[Start of section]

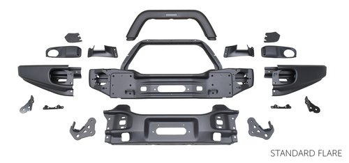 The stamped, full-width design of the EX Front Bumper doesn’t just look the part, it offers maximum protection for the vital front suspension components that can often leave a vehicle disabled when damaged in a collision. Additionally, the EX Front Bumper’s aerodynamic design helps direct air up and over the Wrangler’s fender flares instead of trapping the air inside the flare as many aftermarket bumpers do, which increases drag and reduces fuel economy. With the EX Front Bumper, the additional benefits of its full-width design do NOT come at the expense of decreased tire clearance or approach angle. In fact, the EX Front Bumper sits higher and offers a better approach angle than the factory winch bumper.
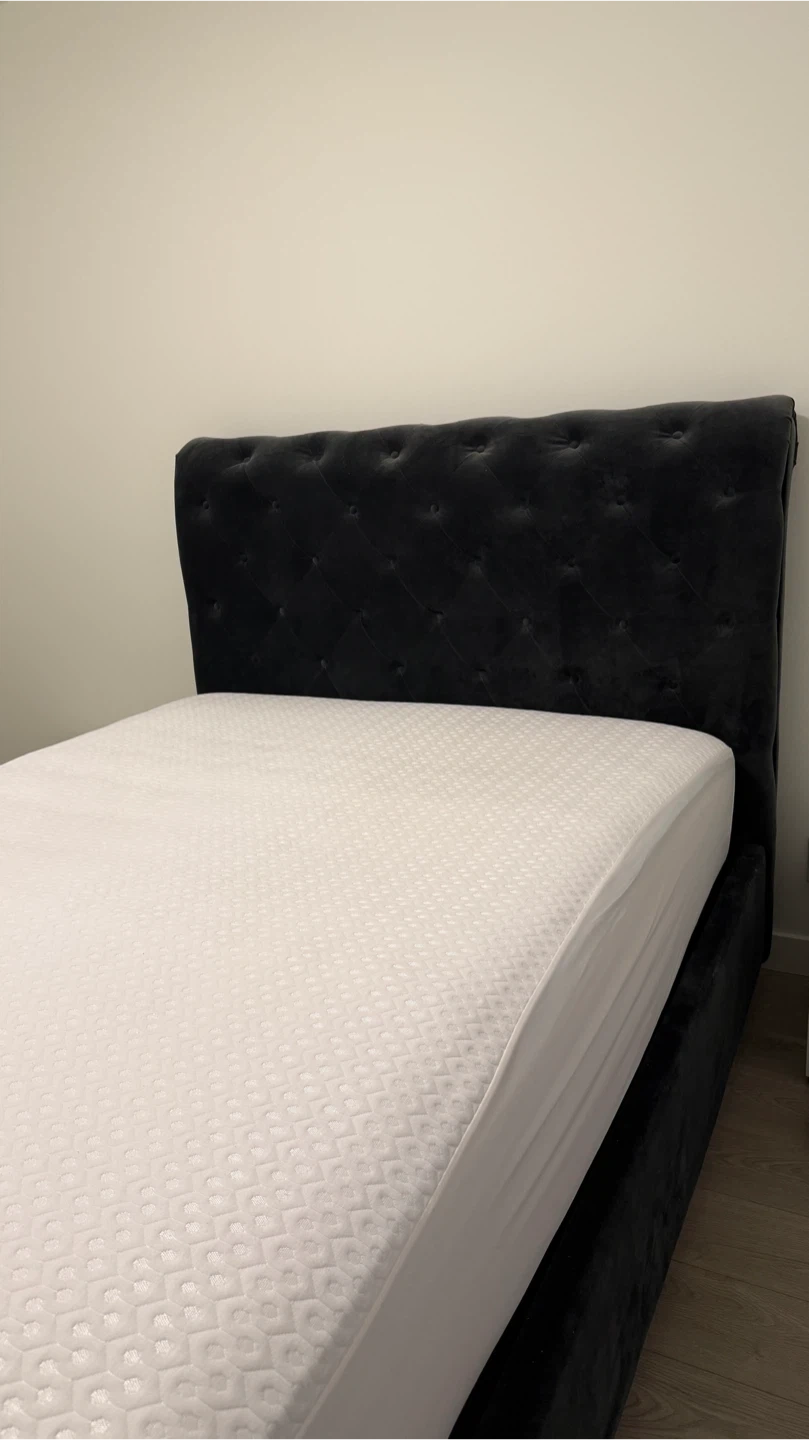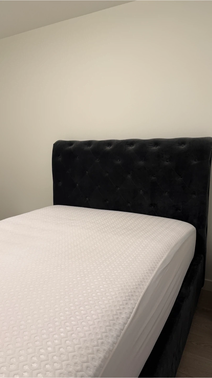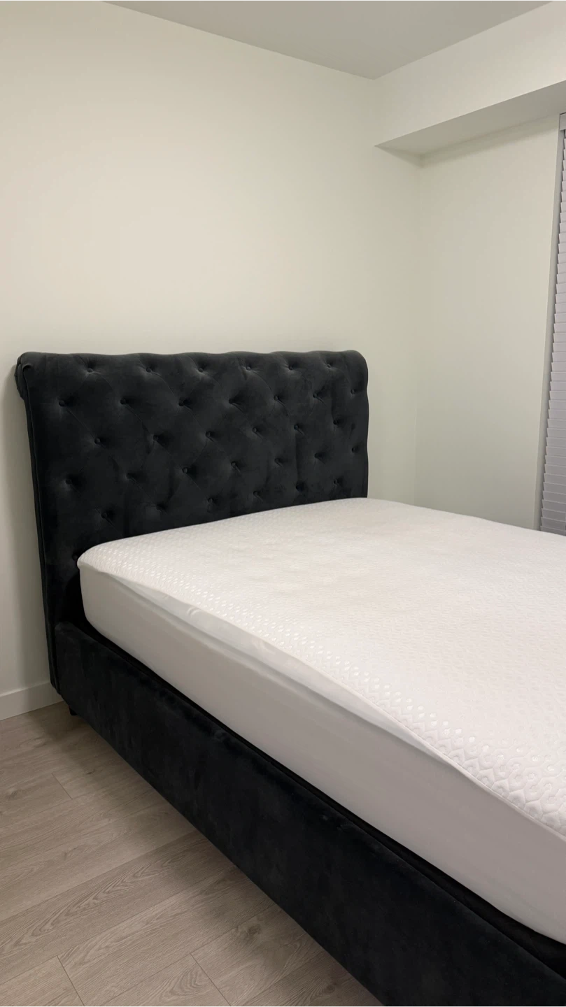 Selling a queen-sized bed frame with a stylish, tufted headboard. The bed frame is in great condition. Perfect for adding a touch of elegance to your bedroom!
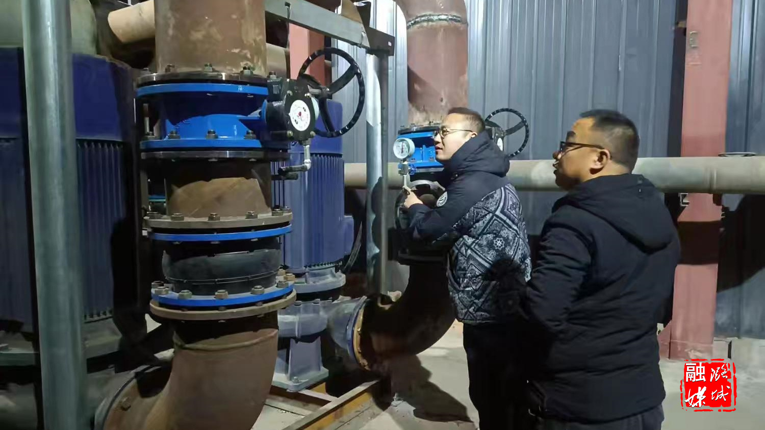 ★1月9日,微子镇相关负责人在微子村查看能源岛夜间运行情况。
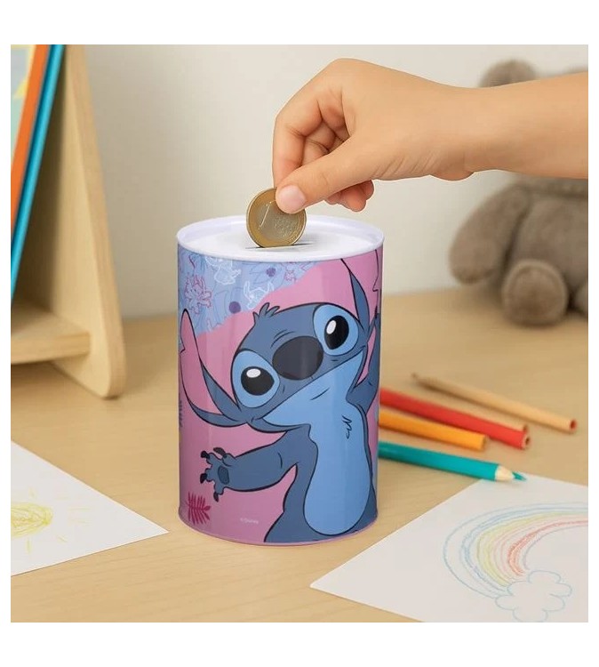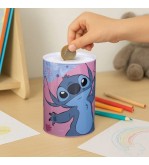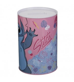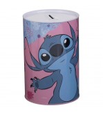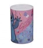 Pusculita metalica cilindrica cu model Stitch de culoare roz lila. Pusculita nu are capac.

[End of section]
[Start of section]

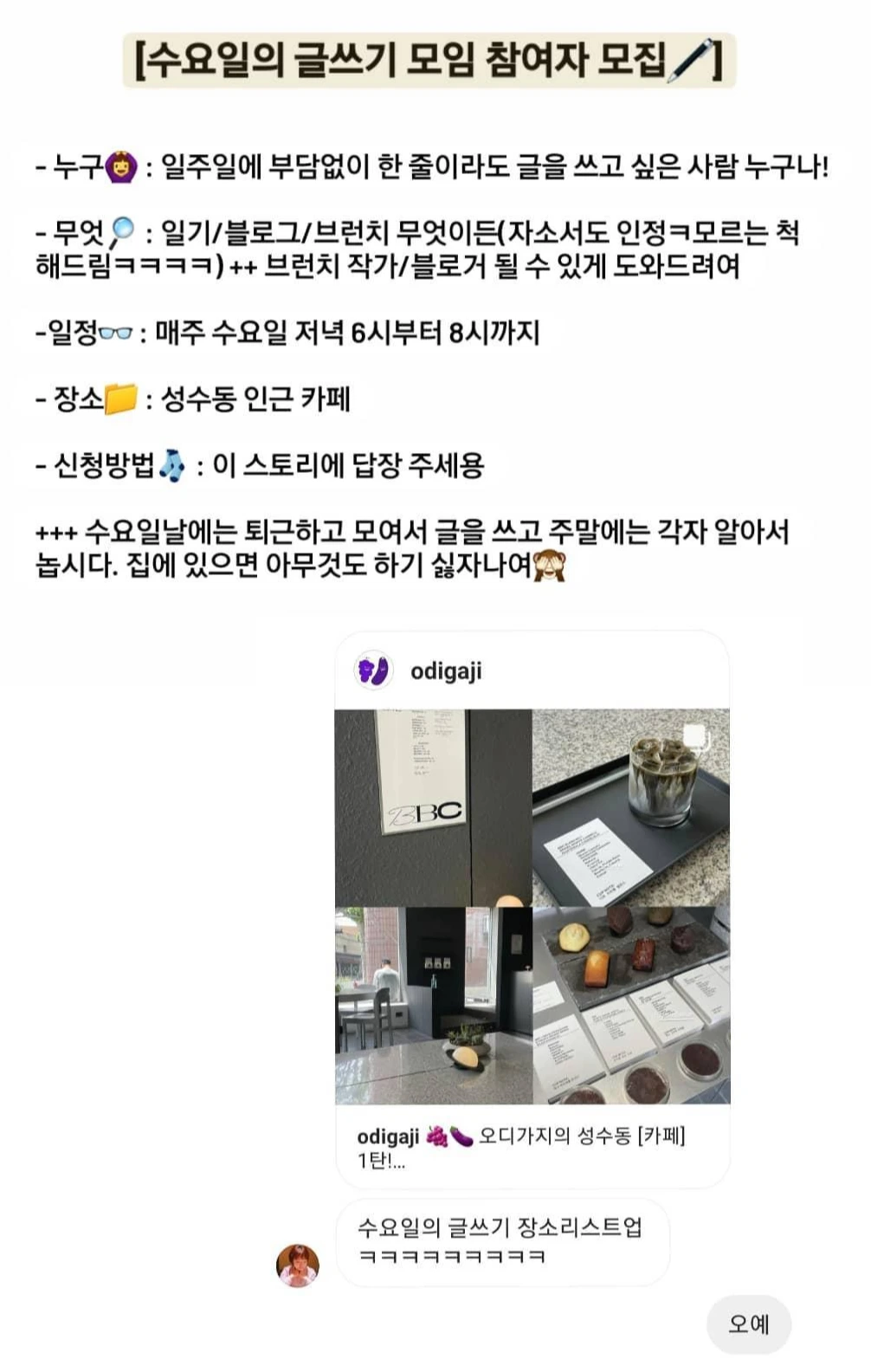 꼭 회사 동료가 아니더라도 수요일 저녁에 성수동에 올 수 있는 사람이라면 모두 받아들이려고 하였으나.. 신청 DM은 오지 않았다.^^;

[End of section]

> [Task instructions] Please print the lines above word for word, starting at the one with "Selling a queen-sized" and ending at the one with "Pusculita metalica cilindrica", both included, and without any picture.

> [Answer space]
 Selling a queen-sized bed frame with a stylish, tufted headboard. The bed frame is in great condition. Perfect for adding a touch of elegance to your bedroom!
 ★1月9日,微子镇相关负责人在微子村查看能源岛夜间运行情况。
 Pusculita metalica cilindrica cu model Stitch de culoare roz lila. Pusculita nu are capac.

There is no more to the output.